■ Task instructions ■
Transcribe the stretch of entries below from the line with "比如用友近年来战略投入研发,通过数年的持" through the line with "스트레스를 받았다. 밤중에", exactly and with both ends included; leave out all other lines.

■ Input for this task ■
━━━━━━━━

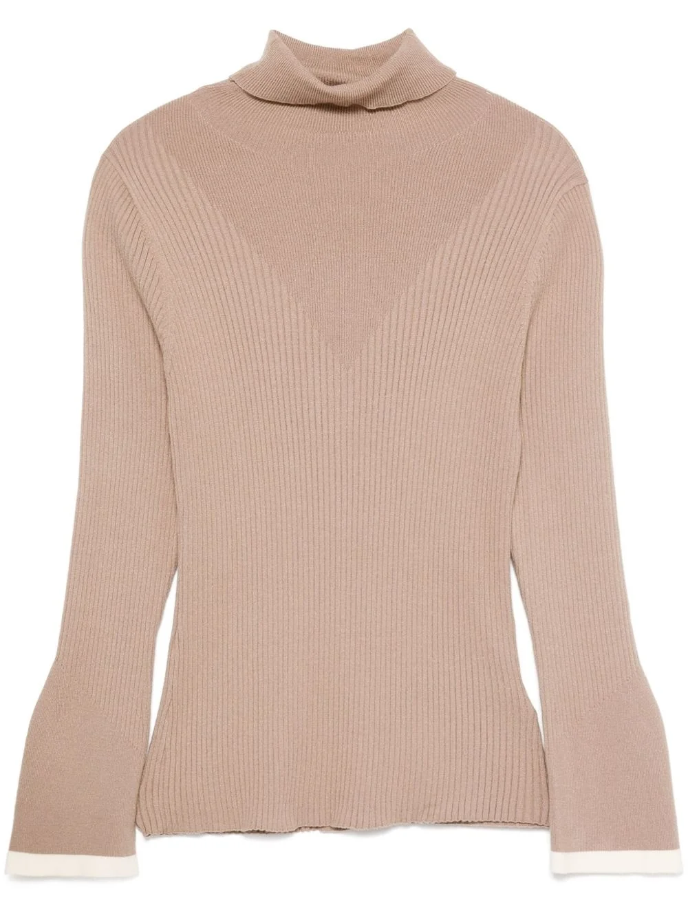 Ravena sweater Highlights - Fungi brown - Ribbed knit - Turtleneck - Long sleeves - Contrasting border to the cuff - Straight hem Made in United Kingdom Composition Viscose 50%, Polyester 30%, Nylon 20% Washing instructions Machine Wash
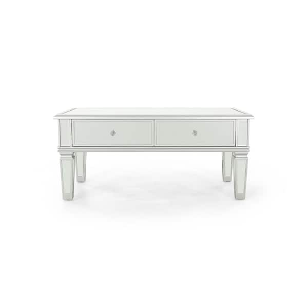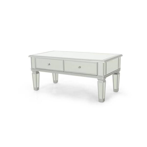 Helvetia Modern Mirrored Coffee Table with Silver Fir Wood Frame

━━━━━━━━

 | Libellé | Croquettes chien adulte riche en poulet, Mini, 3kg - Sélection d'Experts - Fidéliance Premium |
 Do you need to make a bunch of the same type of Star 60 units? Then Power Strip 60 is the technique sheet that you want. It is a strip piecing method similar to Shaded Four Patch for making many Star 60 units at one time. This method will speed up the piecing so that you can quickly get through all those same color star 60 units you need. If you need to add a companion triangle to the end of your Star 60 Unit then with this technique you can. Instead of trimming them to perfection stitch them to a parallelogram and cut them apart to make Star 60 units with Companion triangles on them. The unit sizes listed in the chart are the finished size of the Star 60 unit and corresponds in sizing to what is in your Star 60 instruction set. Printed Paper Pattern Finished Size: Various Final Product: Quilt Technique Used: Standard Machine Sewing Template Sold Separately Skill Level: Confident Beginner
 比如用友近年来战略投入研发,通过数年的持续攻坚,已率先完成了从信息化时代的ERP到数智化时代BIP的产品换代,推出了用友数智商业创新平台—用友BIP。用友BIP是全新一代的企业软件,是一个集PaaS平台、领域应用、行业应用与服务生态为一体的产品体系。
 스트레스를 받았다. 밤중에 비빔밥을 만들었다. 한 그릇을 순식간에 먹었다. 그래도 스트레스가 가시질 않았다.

━━━━━━━━

■ Task response ■
 比如用友近年来战略投入研发,通过数年的持续攻坚,已率先完成了从信息化时代的ERP到数智化时代BIP的产品换代,推出了用友数智商业创新平台—用友BIP。用友BIP是全新一代的企业软件,是一个集PaaS平台、领域应用、行业应用与服务生态为一体的产品体系。
 스트레스를 받았다. 밤중에 비빔밥을 만들었다. 한 그릇을 순식간에 먹었다. 그래도 스트레스가 가시질 않았다.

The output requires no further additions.